## EXERCISE INSTRUCTIONS
Please copy all of the data that follows exactly, leaving any pictures out.

## DATA
* * *
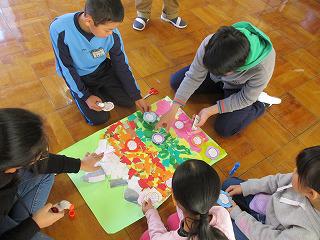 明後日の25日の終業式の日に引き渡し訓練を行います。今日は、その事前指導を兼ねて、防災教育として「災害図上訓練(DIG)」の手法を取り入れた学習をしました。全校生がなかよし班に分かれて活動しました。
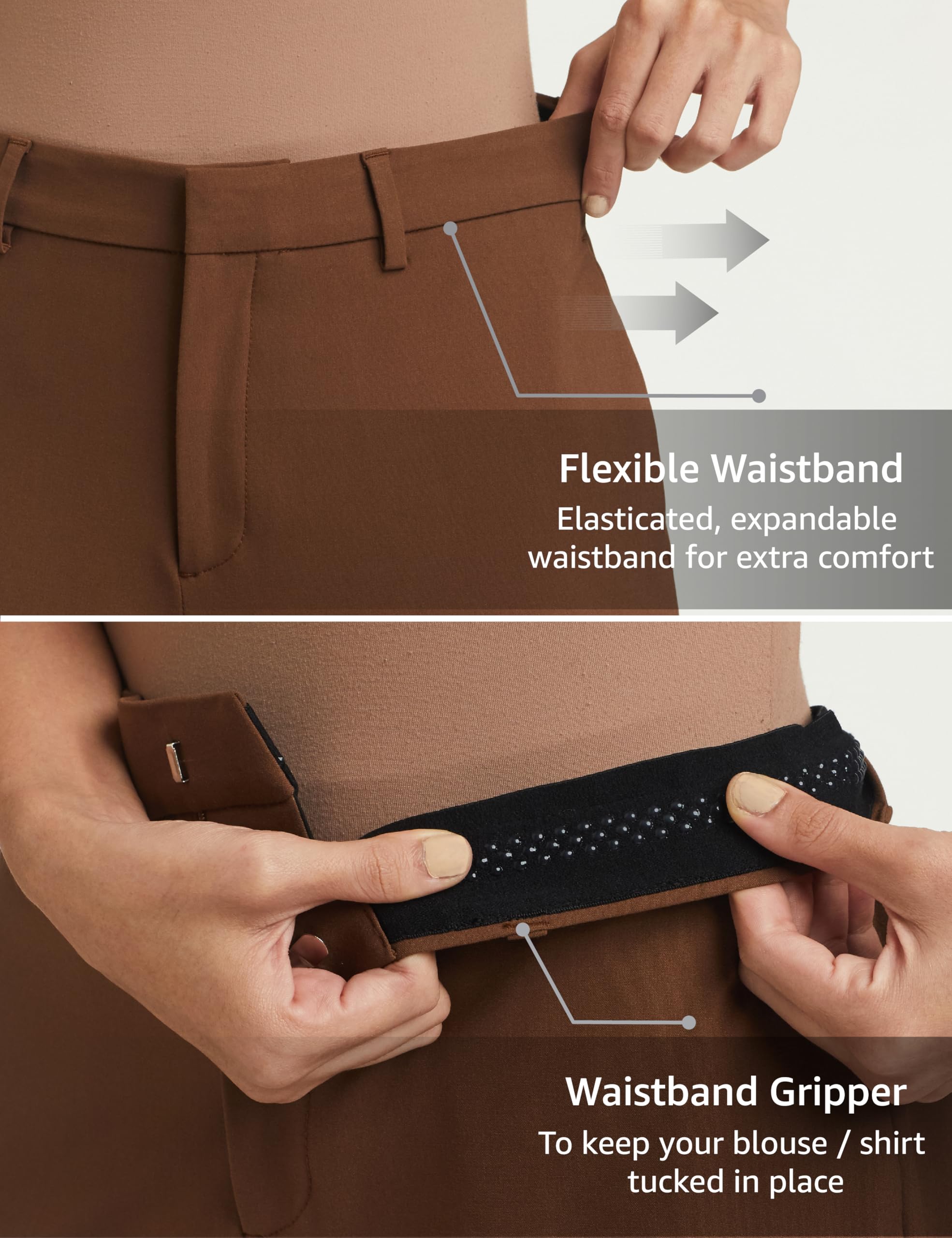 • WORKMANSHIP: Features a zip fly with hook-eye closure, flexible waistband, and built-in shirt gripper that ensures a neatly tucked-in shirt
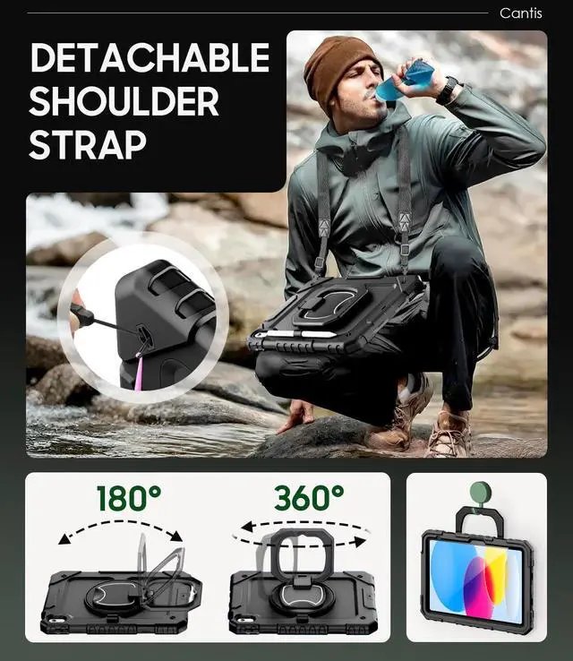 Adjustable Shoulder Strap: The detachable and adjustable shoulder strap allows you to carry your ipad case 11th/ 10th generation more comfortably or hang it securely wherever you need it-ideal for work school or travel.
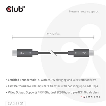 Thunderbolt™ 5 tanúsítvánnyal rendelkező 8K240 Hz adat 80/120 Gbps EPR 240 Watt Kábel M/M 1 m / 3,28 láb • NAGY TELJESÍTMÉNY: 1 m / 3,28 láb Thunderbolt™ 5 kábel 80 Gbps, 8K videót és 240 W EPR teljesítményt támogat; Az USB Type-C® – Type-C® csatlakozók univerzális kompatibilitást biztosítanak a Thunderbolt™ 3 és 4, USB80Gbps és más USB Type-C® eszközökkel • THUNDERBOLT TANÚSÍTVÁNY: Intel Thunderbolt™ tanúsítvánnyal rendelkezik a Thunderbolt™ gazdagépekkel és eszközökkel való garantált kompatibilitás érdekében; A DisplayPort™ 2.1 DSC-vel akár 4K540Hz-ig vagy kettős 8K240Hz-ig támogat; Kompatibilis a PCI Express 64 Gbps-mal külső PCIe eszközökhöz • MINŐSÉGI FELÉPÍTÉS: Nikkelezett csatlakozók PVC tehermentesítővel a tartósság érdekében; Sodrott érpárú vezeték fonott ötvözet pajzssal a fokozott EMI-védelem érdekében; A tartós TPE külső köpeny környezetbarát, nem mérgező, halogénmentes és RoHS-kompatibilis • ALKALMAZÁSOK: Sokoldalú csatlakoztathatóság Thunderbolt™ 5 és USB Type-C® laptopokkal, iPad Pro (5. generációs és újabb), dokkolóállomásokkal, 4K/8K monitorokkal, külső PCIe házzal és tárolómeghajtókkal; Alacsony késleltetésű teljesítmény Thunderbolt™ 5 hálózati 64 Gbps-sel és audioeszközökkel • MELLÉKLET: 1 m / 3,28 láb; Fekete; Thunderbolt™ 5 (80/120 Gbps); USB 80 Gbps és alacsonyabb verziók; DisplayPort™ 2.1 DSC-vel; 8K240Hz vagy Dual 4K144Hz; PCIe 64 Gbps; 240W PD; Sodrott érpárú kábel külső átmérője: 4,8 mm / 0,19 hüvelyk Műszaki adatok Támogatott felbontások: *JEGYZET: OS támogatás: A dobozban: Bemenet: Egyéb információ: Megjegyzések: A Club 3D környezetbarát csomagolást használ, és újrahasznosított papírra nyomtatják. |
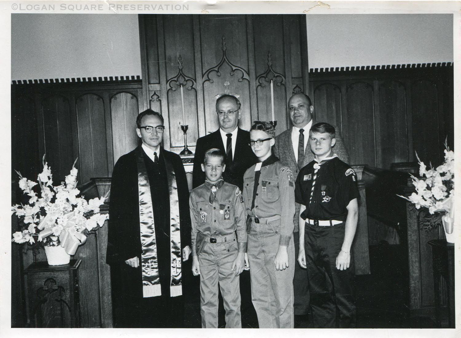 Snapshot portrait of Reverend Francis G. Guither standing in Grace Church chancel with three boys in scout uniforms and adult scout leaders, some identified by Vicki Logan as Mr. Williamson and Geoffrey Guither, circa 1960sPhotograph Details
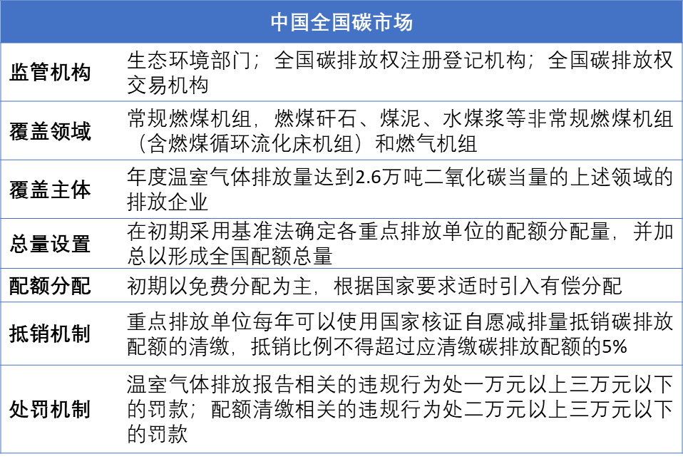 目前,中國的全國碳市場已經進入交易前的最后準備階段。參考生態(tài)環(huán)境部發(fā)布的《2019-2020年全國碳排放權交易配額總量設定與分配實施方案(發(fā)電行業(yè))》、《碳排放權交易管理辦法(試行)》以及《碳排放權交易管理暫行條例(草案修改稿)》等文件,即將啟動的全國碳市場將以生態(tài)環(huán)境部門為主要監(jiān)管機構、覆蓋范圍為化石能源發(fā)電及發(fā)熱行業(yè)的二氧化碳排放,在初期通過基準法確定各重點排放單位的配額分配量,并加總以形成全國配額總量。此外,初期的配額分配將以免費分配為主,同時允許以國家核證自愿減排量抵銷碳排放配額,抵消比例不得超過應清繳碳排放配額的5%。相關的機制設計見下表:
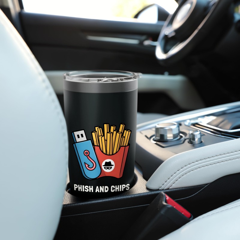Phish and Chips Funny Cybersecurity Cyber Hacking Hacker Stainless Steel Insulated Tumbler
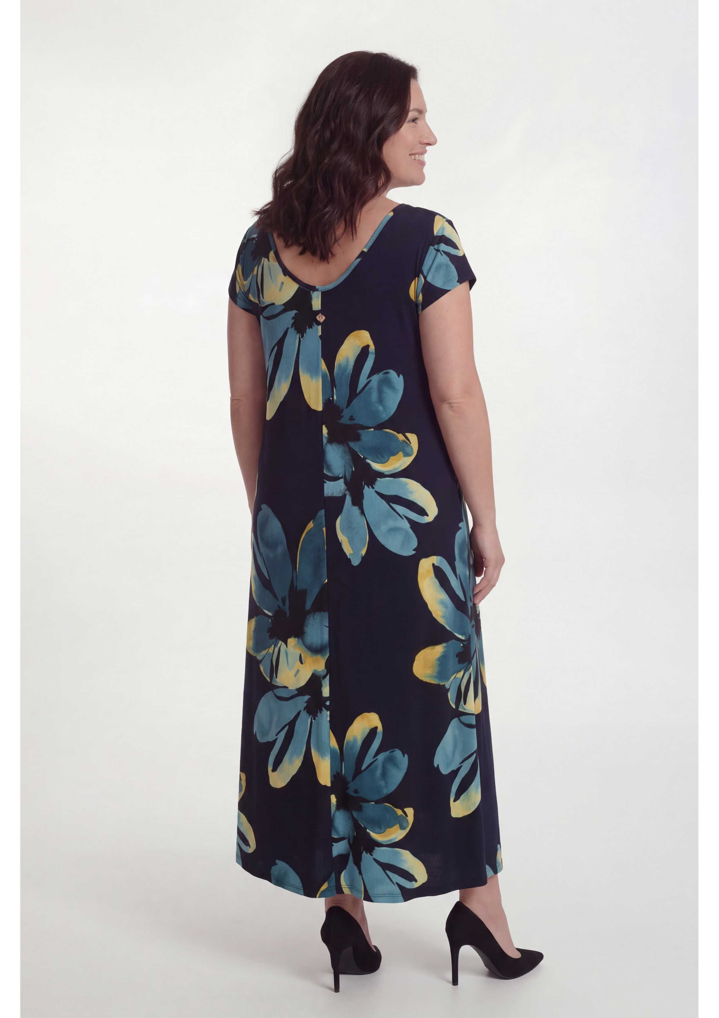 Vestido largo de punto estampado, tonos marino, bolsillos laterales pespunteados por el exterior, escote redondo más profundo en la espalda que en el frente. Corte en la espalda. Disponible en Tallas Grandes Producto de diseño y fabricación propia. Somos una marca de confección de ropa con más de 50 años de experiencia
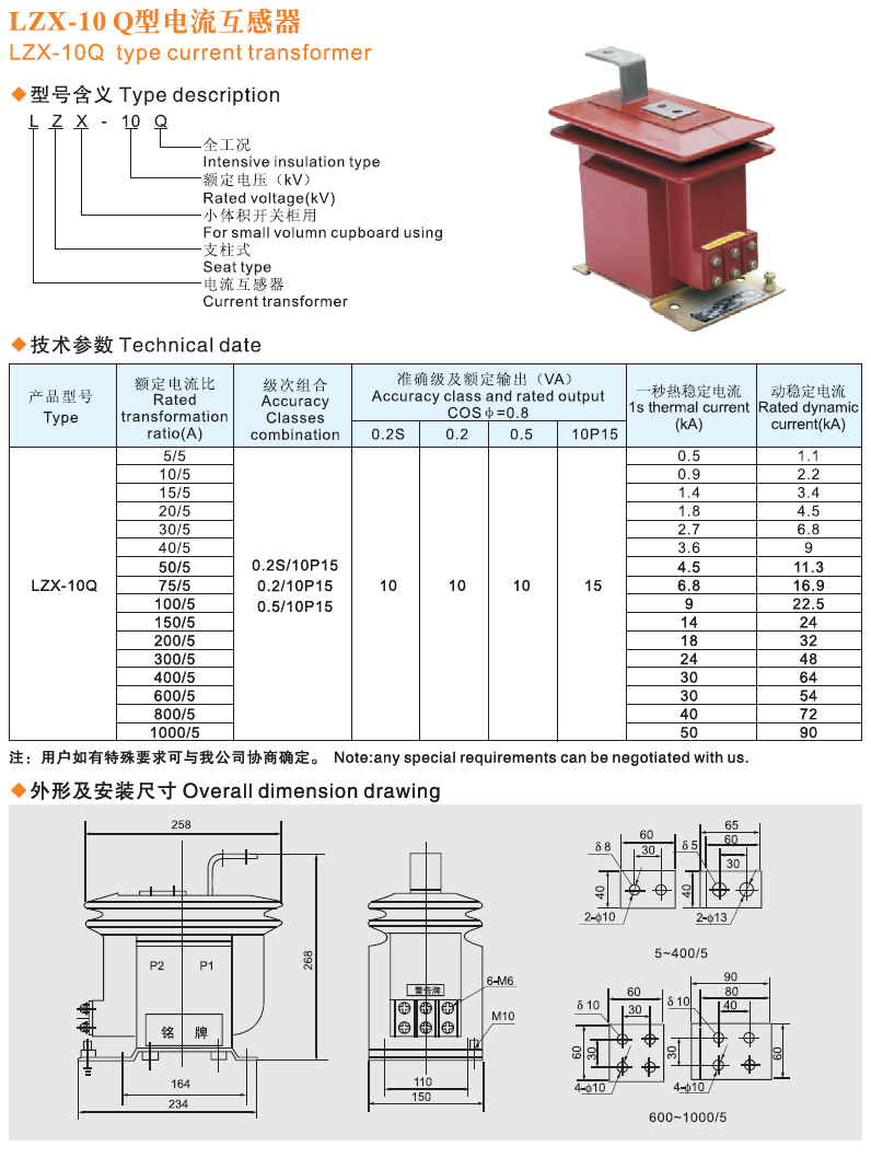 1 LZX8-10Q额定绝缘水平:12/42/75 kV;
* * *
## REPLY
 明後日の25日の終業式の日に引き渡し訓練を行います。今日は、その事前指導を兼ねて、防災教育として「災害図上訓練(DIG)」の手法を取り入れた学習をしました。全校生がなかよし班に分かれて活動しました。
 • WORKMANSHIP: Features a zip fly with hook-eye closure, flexible waistband, and built-in shirt gripper that ensures a neatly tucked-in shirt
 Adjustable Shoulder Strap: The detachable and adjustable shoulder strap allows you to carry your ipad case 11th/ 10th generation more comfortably or hang it securely wherever you need it-ideal for work school or travel.
 Thunderbolt™ 5 tanúsítvánnyal rendelkező 8K240 Hz adat 80/120 Gbps EPR 240 Watt Kábel M/M 1 m / 3,28 láb • NAGY TELJESÍTMÉNY: 1 m / 3,28 láb Thunderbolt™ 5 kábel 80 Gbps, 8K videót és 240 W EPR teljesítményt támogat; Az USB Type-C® – Type-C® csatlakozók univerzális kompatibilitást biztosítanak a Thunderbolt™ 3 és 4, USB80Gbps és más USB Type-C® eszközökkel • THUNDERBOLT TANÚSÍTVÁNY: Intel Thunderbolt™ tanúsítvánnyal rendelkezik a Thunderbolt™ gazdagépekkel és eszközökkel való garantált kompatibilitás érdekében; A DisplayPort™ 2.1 DSC-vel akár 4K540Hz-ig vagy kettős 8K240Hz-ig támogat; Kompatibilis a PCI Express 64 Gbps-mal külső PCIe eszközökhöz • MINŐSÉGI FELÉPÍTÉS: Nikkelezett csatlakozók PVC tehermentesítővel a tartósság érdekében; Sodrott érpárú vezeték fonott ötvözet pajzssal a fokozott EMI-védelem érdekében; A tartós TPE külső köpeny környezetbarát, nem mérgező, halogénmentes és RoHS-kompatibilis • ALKALMAZÁSOK: Sokoldalú csatlakoztathatóság Thunderbolt™ 5 és USB Type-C® laptopokkal, iPad Pro (5. generációs és újabb), dokkolóállomásokkal, 4K/8K monitorokkal, külső PCIe házzal és tárolómeghajtókkal; Alacsony késleltetésű teljesítmény Thunderbolt™ 5 hálózati 64 Gbps-sel és audioeszközökkel • MELLÉKLET: 1 m / 3,28 láb; Fekete; Thunderbolt™ 5 (80/120 Gbps); USB 80 Gbps és alacsonyabb verziók; DisplayPort™ 2.1 DSC-vel; 8K240Hz vagy Dual 4K144Hz; PCIe 64 Gbps; 240W PD; Sodrott érpárú kábel külső átmérője: 4,8 mm / 0,19 hüvelyk Műszaki adatok Támogatott felbontások: *JEGYZET: OS támogatás: A dobozban: Bemenet: Egyéb információ: Megjegyzések: A Club 3D környezetbarát csomagolást használ, és újrahasznosított papírra nyomtatják. |
 Snapshot portrait of Reverend Francis G. Guither standing in Grace Church chancel with three boys in scout uniforms and adult scout leaders, some identified by Vicki Logan as Mr. Williamson and Geoffrey Guither, circa 1960sPhotograph Details
 目前,中國的全國碳市場已經進入交易前的最后準備階段。參考生態(tài)環(huán)境部發(fā)布的《2019-2020年全國碳排放權交易配額總量設定與分配實施方案(發(fā)電行業(yè))》、《碳排放權交易管理辦法(試行)》以及《碳排放權交易管理暫行條例(草案修改稿)》等文件,即將啟動的全國碳市場將以生態(tài)環(huán)境部門為主要監(jiān)管機構、覆蓋范圍為化石能源發(fā)電及發(fā)熱行業(yè)的二氧化碳排放,在初期通過基準法確定各重點排放單位的配額分配量,并加總以形成全國配額總量。此外,初期的配額分配將以免費分配為主,同時允許以國家核證自愿減排量抵銷碳排放配額,抵消比例不得超過應清繳碳排放配額的5%。相關的機制設計見下表:
Phish and Chips Funny Cybersecurity Cyber Hacking Hacker Stainless Steel Insulated Tumbler
 Vestido largo de punto estampado, tonos marino, bolsillos laterales pespunteados por el exterior, escote redondo más profundo en la espalda que en el frente. Corte en la espalda. Disponible en Tallas Grandes Producto de diseño y fabricación propia. Somos una marca de confección de ropa con más de 50 años de experiencia
 1 LZX8-10Q额定绝缘水平:12/42/75 kV;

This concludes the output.